Emptying a storage room I find this old solar panel that we used years ago in the house in summer, when the electricity still did not arrive. We had this solar panel and 2 or 3 car batteries and some (if we could) for trucks. During the day we charged the car batteries, slowly but steadily. And we used the rest to have light at 12V even televisions at those 12V.
This is the Solar Arc ASI 16-2300. It has 35 cells and dimensions of 1,225 mx 0,305m, that is, 0,373625 m2
Testing in August between 14 and 15 in the afternoon I have obtained 20V and 2A maximum, so we are talking about a power of 40W P = V * I
And if we take 40W in 0,37 m2, it is equivalent to saying that in 1 square meter it will generate 40 / 0,373625 = 107,06 W / m2.
Taking the average irradiance of 1000 w / m2 that is used for the calculation of the HSP (Peak Solar Hours) we obtain an efficiency of 107/1000 = 10,7%
It will like you: How to recycle batteries used in solar installations
Technical characteristics ASI 16-2300
Empirically we have just obtained
- 10,7% efficiency
From the file that we see, and from which we get the name of the model, I try to find more information about this plate.
They are 30 years old and I have found a paper that I attach about their degradation due to the weather in a 10kw installation and apart from this there is nothing else-
They speak of the decrease in efficiency of 3% when starting to work and after the progressive loss and especially of the types and causes of degradation in the plates due to time (yellowing, degradation of the tracks, etc, etc (
At least from here I get some information:
ASI 16-2300 board are sc-Si modules with 35 cells of 102,5mm diameter, using PVB (poly-vinyl-butyral) for the encapsulation and tedlar / aluminum / tedlar for the back.
I have already discovered something else, the technology used. The modules are of sc-SI (crystalline silicon)
How to take advantage of it
Nowadays it does not give much, in the end it is 40w that I can use as we did 30 years ago to charge a battery. If not, I can think of some uses: Ñ
- Charge mobiles and tablets.
- Power Arduino and ESP32
- Feed Raspberry, although I think it is just Amperage. I don't know if 2A peak will work fine.

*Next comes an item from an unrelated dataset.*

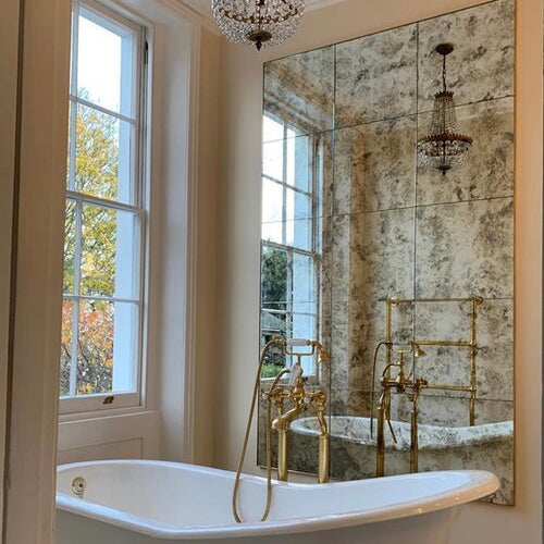 Create a focal point that commands attention in your space. Add depth, dimension to any environment with a bespoke vintage mirror tile wall.

- Use it as a power supply to mine cryptocurrencies with ESP8266 or esp32, which is a project that I have been wanting to test for a long time.

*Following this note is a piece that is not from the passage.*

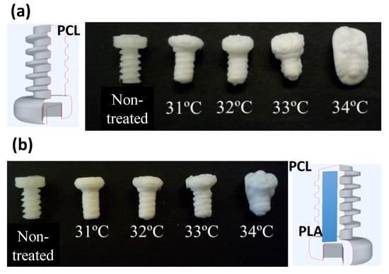 Optical photographs of the 3D-printed parts upon treatment in SCCO2 at different temperatures. (a) Screws fabricated using PCL, (b) screws fabricated using a combination of PCL and PLA (protocol: 200 bar, 5 min).

- Run some lights for the chicken coop, small pond water pump, etc.
ESCSA brand RX 100 battery charge regulator
The solar charge controller or regulator is responsible for protecting the battery from overcharging so that it does not continue to enter energy when it is already charged.. What it does is dissipate all that excess energy. It indicates the charge it is receiving and how charged the battery is. The RX 100 is all aluminum.
¿Aph (Amps per Hour) https://es.wikipedia.org/wiki/Amperio-hora ??
It is an automatic charge controller for photovoltaic solar systems. What it really does is protect the batteries from overcharging so that they no longer receive a charge once they are at 100%.
It stopped working a long time ago and when you open it you see a disintegrated component. I'm not sure what it is and I can't find regulator schematics or datasheets, or anything. If anyone knows, please leave it in the comments. It has 4 pins. I was thinking of some diode bridge. although here you do not have to rectify waves.
I leave photos many extra photos of the photovoltaic solar panel and the battery regulator.